J'ai bien aimé, comme à chaque fois. C'est dense et faut tenir le choc du shot de vérités bien senties mais après tout s'éclaircit et on voit le monde sous un autre jour. Peut-être un peu inconsciemment le temps de digérer le propos.
Voilà la réponse de Pute à frange à la question : "est ce que le texte veut dire que rien ne veut rien dire ?"
-> Oui, en partie, le texte suggère que rien n'a de sens inhérent, embrassant l'absurde et le loufoque comme une manière de défier la gravité de l'existence. Il illustre une posture de détachement ironique où l'inconséquence et la légèreté priment, mais il ne nie pas totalement le sens : il propose plutôt de l'ignorer ou de le réinventer face à un réel contestable et hasardeux. Cette idée résonne avec les références à Ionesco et Beckett, où l'absurde révèle à la fois le vide et la liberté de créer du sens malgré tout.
Bin voilà, j'avais raison !
Pour moi, ce texte essaye trop. La virtuosité technique est là, je ne le nie pas, mais elle prend tellement de place qu’elle finit par écraser tout le reste. Je ne lis pas une idée ou une émotion : je lis un exercice de style, bourré d’images et de références qui s’empilent jusqu’à se neutraliser.
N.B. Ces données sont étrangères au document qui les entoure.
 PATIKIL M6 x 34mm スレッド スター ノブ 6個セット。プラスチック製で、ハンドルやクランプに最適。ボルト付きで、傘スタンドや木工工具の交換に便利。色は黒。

J’ai trouvé agaçant de devoir fournir autant d’efforts pour comprendre, surtout quand j’ai le sentiment que l’auteur n’a pas cherché à être clair. Au final, j’ai surtout eu l’impression de perdre mon temps à essayer de démêler quelque chose qui ne voulait pas vraiment se laisser démêler.
quand, en plus, cette surenchère s’essouffle dans les derniers paragraphes, ça me confirme ce que je pensais : trop, ce n’est pas toujours mieux. Ici, pour moi, c’est même l’inverse.
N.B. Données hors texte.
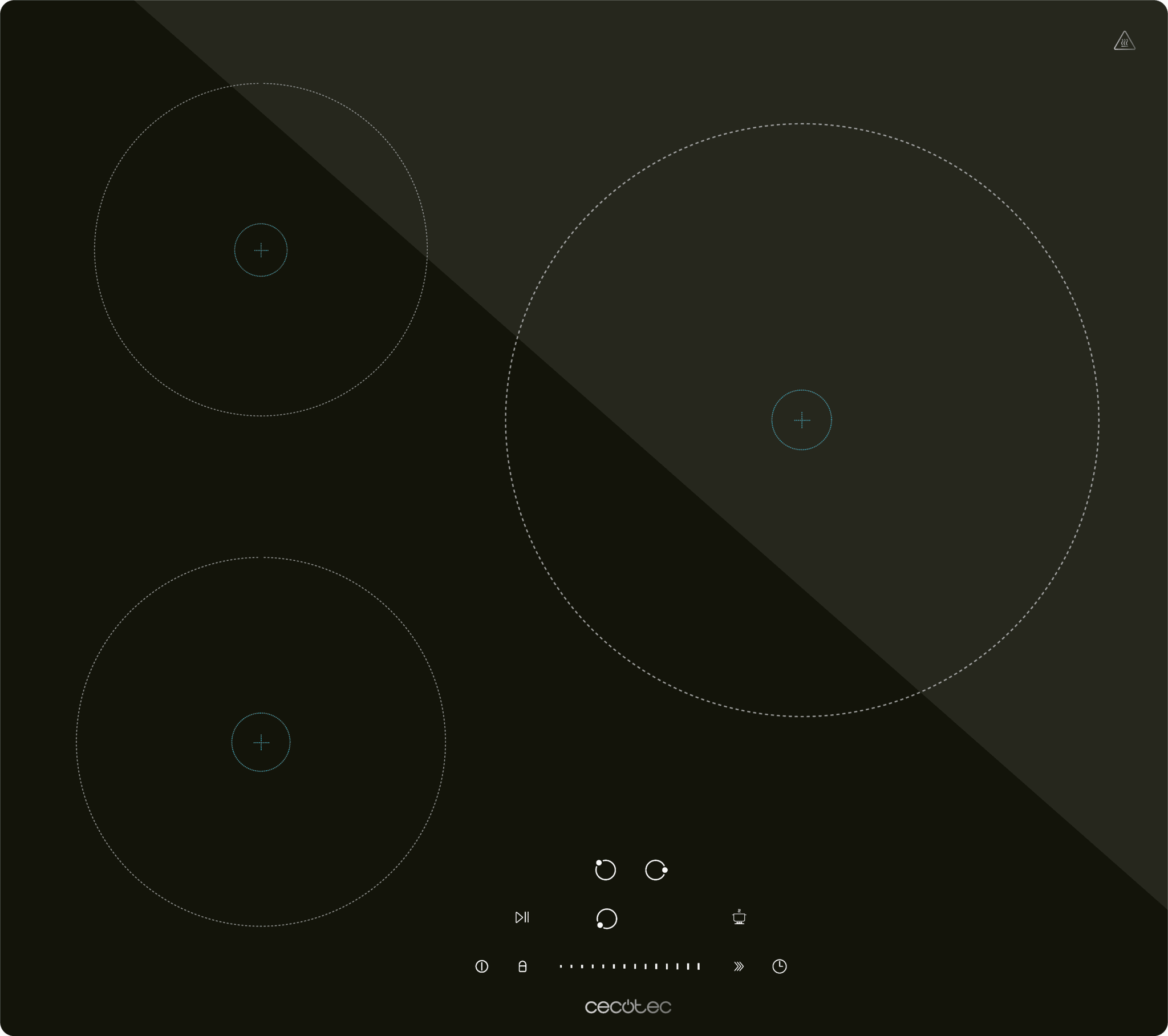 Placa de inducción Bolero Squad I 3200 con 9 niveles de potencia, potenica máxima 7200W, Booster function, invisible touch slider control.

Mill est, entre autres choses, chroniqueur radio dans une émission de radio Campus Montpellier et c'est pour ça qu'il aime bien faire des chroniques dans des rubriques très conceptuelles. Mais il a bien d'autres cordes stylistiques à son arc. Ses nouvelles sont vraiment bien fichues aussi.
Le scénariste de black mirror a reçu plusieurs prix pour son travail et une grande partie des gens apprécient cette série.
Est ce que si Lapin chien n'aime pas ce qu'il fait, ça lui enlève quelque chose ?
Ici Ce n'est que mon avis sur ce texte : pour moi c'est trop, mais ça n'enlève rien à la qualité de son écrit ou à la reconnaissance qu'il a déjà.
La borne nouvelle c'est qu'en plus on s'en bat les couilles de ce que je pense 😁
Non, non. Mill n'est pas du genre à se sentir déstabilisé par la critique. Et j'espère qu'il passera dans le coin pour te clouer le bec avec tes certitudes et y faire un nœud avec ton assurance.
Aïe, la tu mérites tes points
J'ai rien compris mais c'est joli dans la forme, déjà ça.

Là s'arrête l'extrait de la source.